しかし、その中でもその時々で忘れられない場面というものがあり、それは一生消えないものになるような気がする。

役員会でリストラ方針を決めた瞬間の社長以下取締役陣の苦渋の表情と場の空気。

退場していく人たちに処遇の説明などを行った時の一人ひとりの顔。

北のリゾート地に社員を受け入れてもらう交渉に行った時に、社長がホテルの部屋に差し入れてくれたフルーツにあった「お前が一番大変な思いをしているのはわかっている」と書かれていたメッセージ。

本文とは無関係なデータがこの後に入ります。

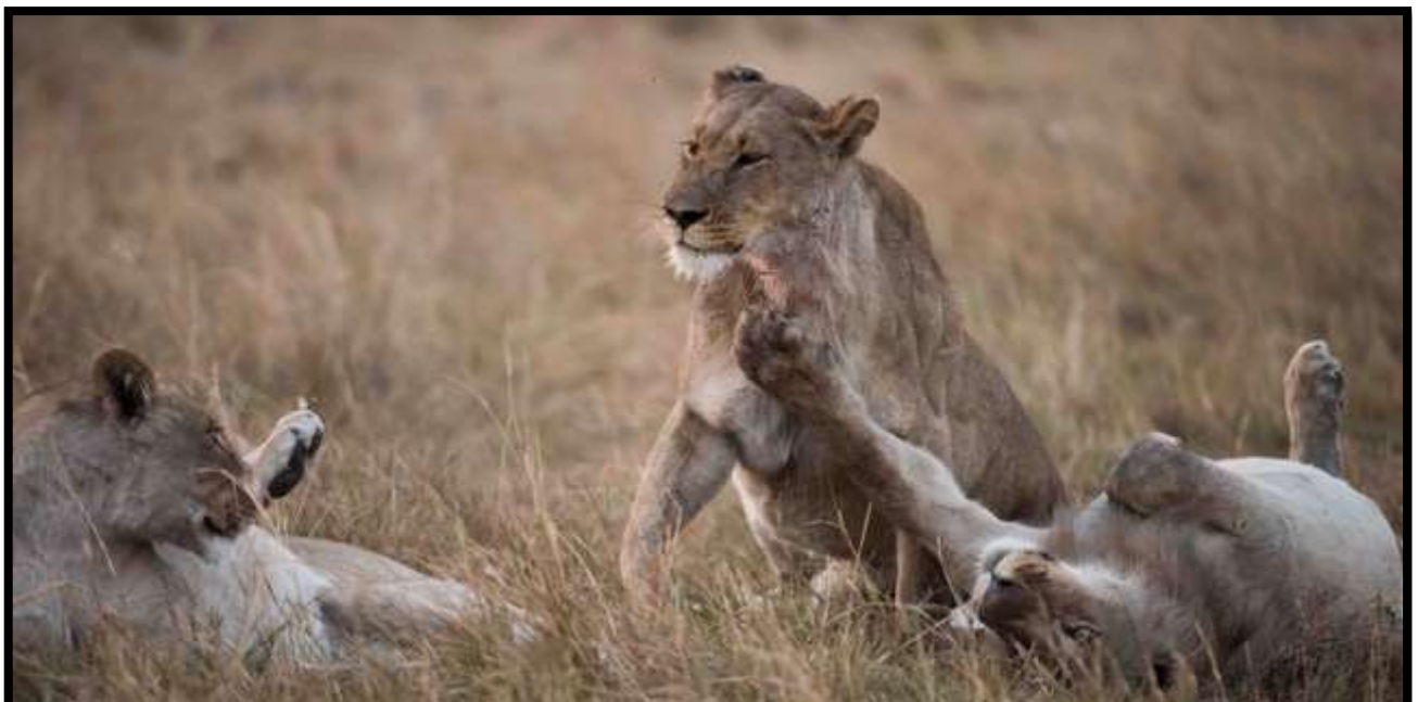
The third lioness from the Horseshoe pride is about seven years of age, and currently has three large cubs of about 18- months old that are regularly seen at Serengeti in the Kwando Core Area.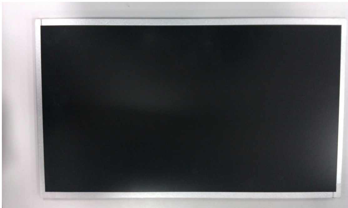
After change M195RTN01.0 Internal front view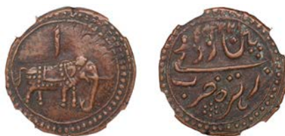
1090 MYSORE, Tipu Sultan , Paisa, Patan, AM1224 [1796-7] (Henderson 133; KM 123.6). Good very fine [certified and graded by NGC as AU 55 BN] £240-£300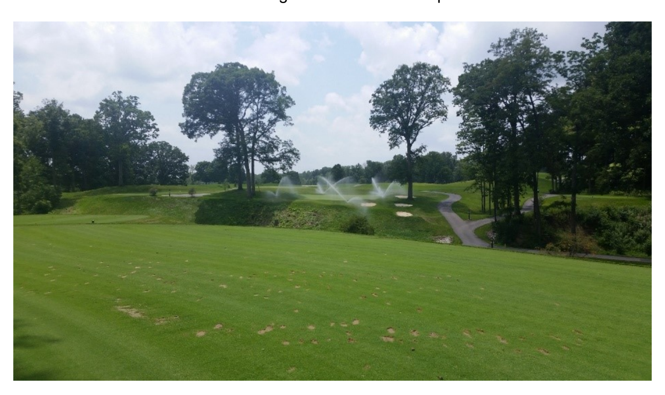
Figure 7. Green complex irrigation running on the Ackerman-Allen course at Purdue University.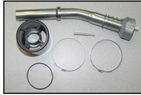
492834EVR Spout Kit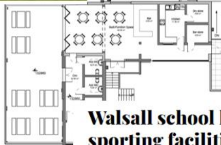
Proposed Upper Ground Floor Plan (N)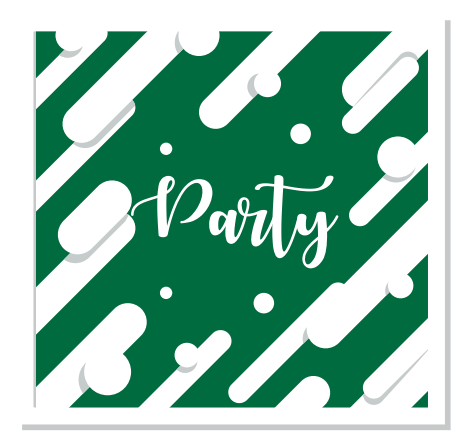
Pro9541 System 5-Colour Digital Printing (CMYK + Clear or CMYK + White)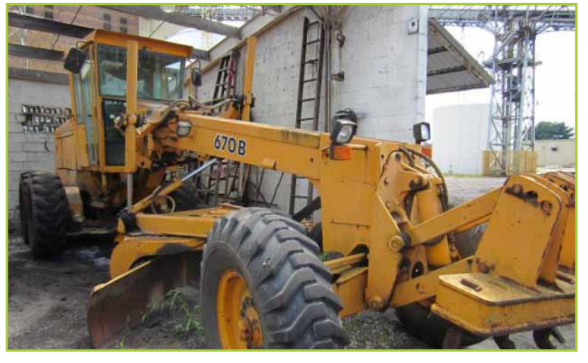
JOHN DEERE 670B GRADER. YR 1989. 3,468 HRS.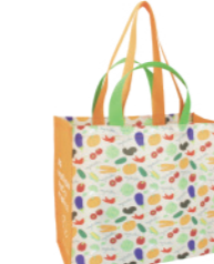
Item: XY-B-005 Material: 90g RPET non woven Size: L45*H39*D21cm Handle: 4*(75+48)cm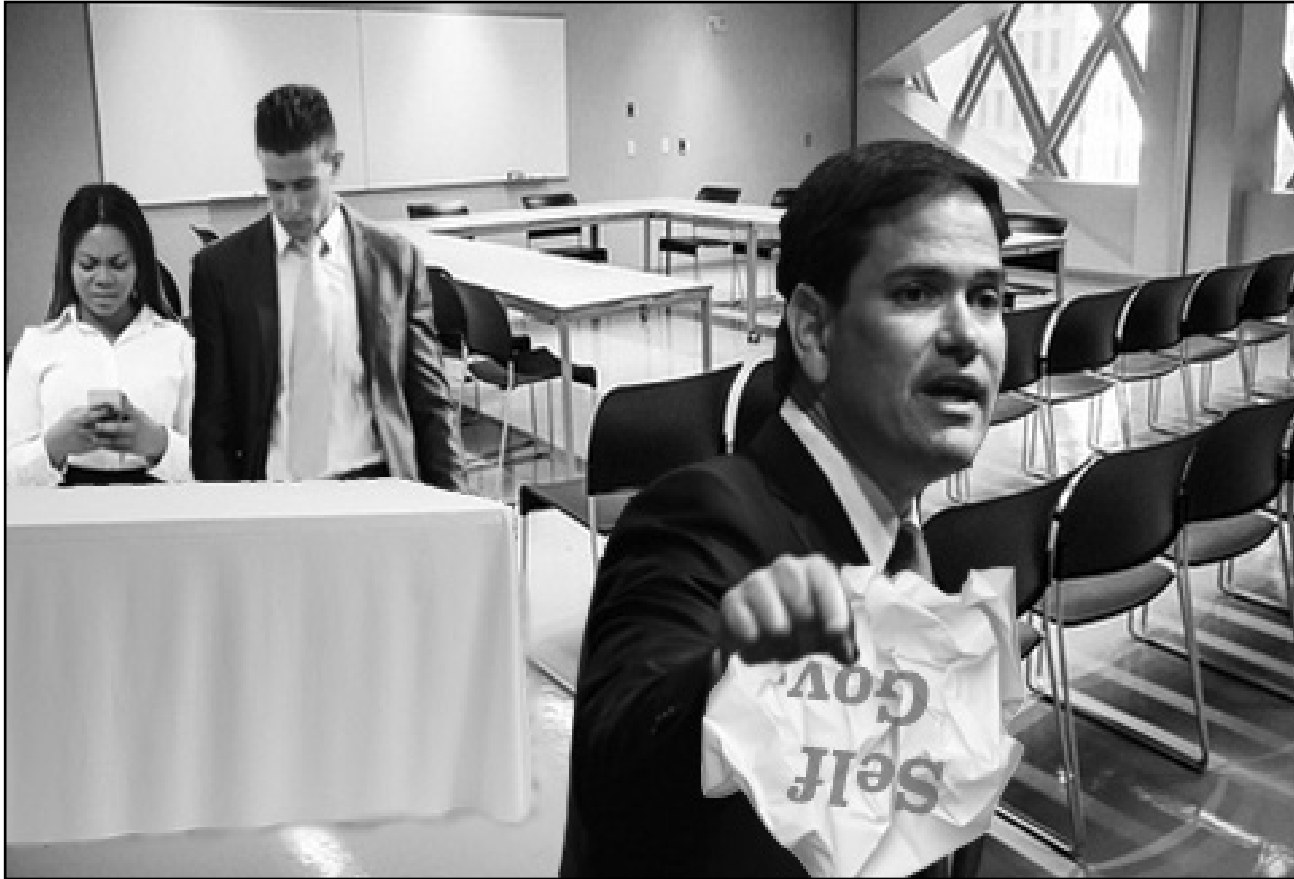
Above: Senator Rubio crumples up a Self-Gov sign as staffers work on damage control

H Y V E E A N D BROWNELLS — Facing crowds as large as twenty people, Senator and presidential candidate Marco Rubio visited Grinnell last Tuesday as part of a trip through Iowa. He stopped at Hy-Vee and Brownells during his visit.

去っていくことになって、最もボクを恨んでいたらしき人物から、通勤のバスの降り口で突き飛ばされて転び、振り返って目に入った彼の目の怖さ。

出された社員から自宅にかかってきた電話での悲痛の叫びの声。「今野さんを信じて入社したのに・・・・」。

リクルートの関連会社に受け入れてもらって、異動した女性社員と面談していた時に「何か困っていることはないか」と聞いた時の「いい人ぶらないで・・・」と言って泣き崩れた彼女の泣き顔。

それらは、こびりついて離れない。

組織の論理で非情に行動しなくてはいけない時、ナイーブ過ぎる自分はまったく向いていないと感じた。
リストラとは、何人まで減らせれば会社が生き残れるかという数の論理であり、一人ひとりと向き合っていては何も前に進まない「作業」である。
だから、ボクのように一人ひとりの人生ときちんと向き合いたいと思っている人には、つらくシンド過ぎる作業だったんだ。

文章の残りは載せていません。